On average, UK workers spend one day every fortnight travelling to and from work. 25 million commuters go to a fixed place of work every day and of these 18 million go by car, compressed into a few hours in the morning and evening rush hours. Annual UK Office commuting alone produces19.7 million tonnes of CO2 emission.
With cost pressures, performance and carbon emission targets becoming increasingly challenging, coupled with high workplace stress levels and long working hours, is it still sensible for people to spend long hours commuting to “the office” ?
While car travel is one of the big carbon emitters, buildings (and particularly offices) are by far the biggest source accounting for over 40% of the total UK emission of 153 million tonnes of CO2. So reducing the daily commute in “gas guzzling” cars is one way of helping sustain the planet, but perhaps using this to also reduce the need for “carbon guzzling” under utilised office space is even more effective in reducing carbon footprint.
Implementing and developing agile working can if managed well meet the sustainability targets of reducing both travel and the office footprint for many organisations. This twin focus on agility and sustainability – sustainagility – can reduce environmental impact as well as property related costs, but also improve service resilience, business and individual productivity, customer focus, and create better “work life” balance and CSR (Corporate Social Responsibility).
Increasingly, forward thinking management aware of sustainagility benefits are allowing, promoting, setting up and supporting more staff to work ‘agile’ and remotely – from home on a regular or ‘ad hoc’ basis, from ‘third places’ and on the move – utilising technology to limit the need to come into the office, working closer with customers and in the community, whilst also staggering work patterns so employees can avoid peak travel times, overall enabling more productive working.
In the public sector, Ofsted is the largest home-based government organisation employing over 2,000 staff, of which 60% are home-based inspectors. For Ofsted the idea of homeworking is not about reducing costs, but about improving efficiency through flexibility and locating staff where the work is. Nevertheless, the move to homeworking significantly reduced Ofsteds building footprint from 8 to 3 buildings.

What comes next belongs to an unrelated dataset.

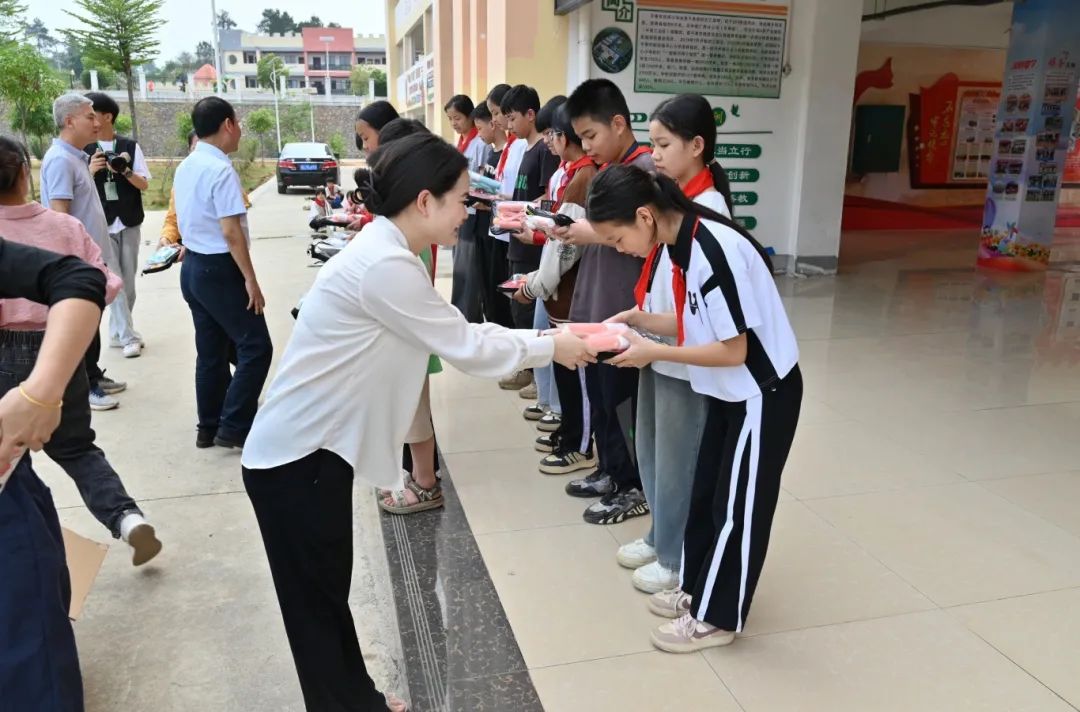捐贈儀式現(xiàn)場溫情涌動,老師們化身“愛心使者”,親手將承載著關(guān)懷與期許的物資遞到受助學(xué)子手中。一本本紅色書籍傳遞精神力量,一件件學(xué)習(xí)用品飽含殷切期望,每一份物資都承載著對學(xué)子成長的深情祝福,為他們點(diǎn)亮求學(xué)路上的溫暖之光。

In other organisations the drive to reduce carbon footprint coupled with a desire to move resources to a more variable cost base is encouraging a change towards a virtual existence. BT has 70,000 remote enabled workers as well as 15,000 registered Home Workers which has allowed the Company to reduce its office space by 50% in the last decade. Supporting agile workers through BT’s extensive use of teleconferencing has eliminated the need for over 850,000 face to face meetings a year, saving £135m in travel related costs and 97,000 tonnes of carbon as well as £103m in productivity benefits.
Unilever’s Agile Working programme made new software available to enable employees to hold virtual meetings through online discussion forums, document-sharing and presentation capability. This enabled its people to work more flexibly and interact with their colleagues from work, home or while travelling. By 2009 some 97,000 virtual meetings were held, and with over 40 000 employees using the technology, savings on travel costs, CO2 reductions and improved work–life balance are significant.
One of the largest Local Authority investment programmes in progress, Birmingham City Councils “Working for the Future” is designed to transform the Council’s operational property portfolio to enable improvements in customer service delivery, offer new ways of working and enhance the work environment for employees. The key elements are focused on enabling agile working across the Council through the introduction of new work styles, working practice guidance and new ICT technologies, as well as providing improved more sustainable workplaces.
The City Council aims to make savings of £100m over 25 years through consolidating the council’s office portfolio. The programme is also significantly reducing the Council carbon footprint not only through creating the ability for people to work remotely – reducing unnecessary travel, but also by reduction in floor space (35% reduction in its 1 million sq ft back office estate) as well as upgrading and trading in old inefficient space for 3 new “green” buildings on “brownfield” regeneration sites.
The “drivers” (excuse the pun) and enablers of change for new ways of working are clearly visible and available to most organisations. So has there ever been a better time or justification to implement and gain the benefits of sustainagility?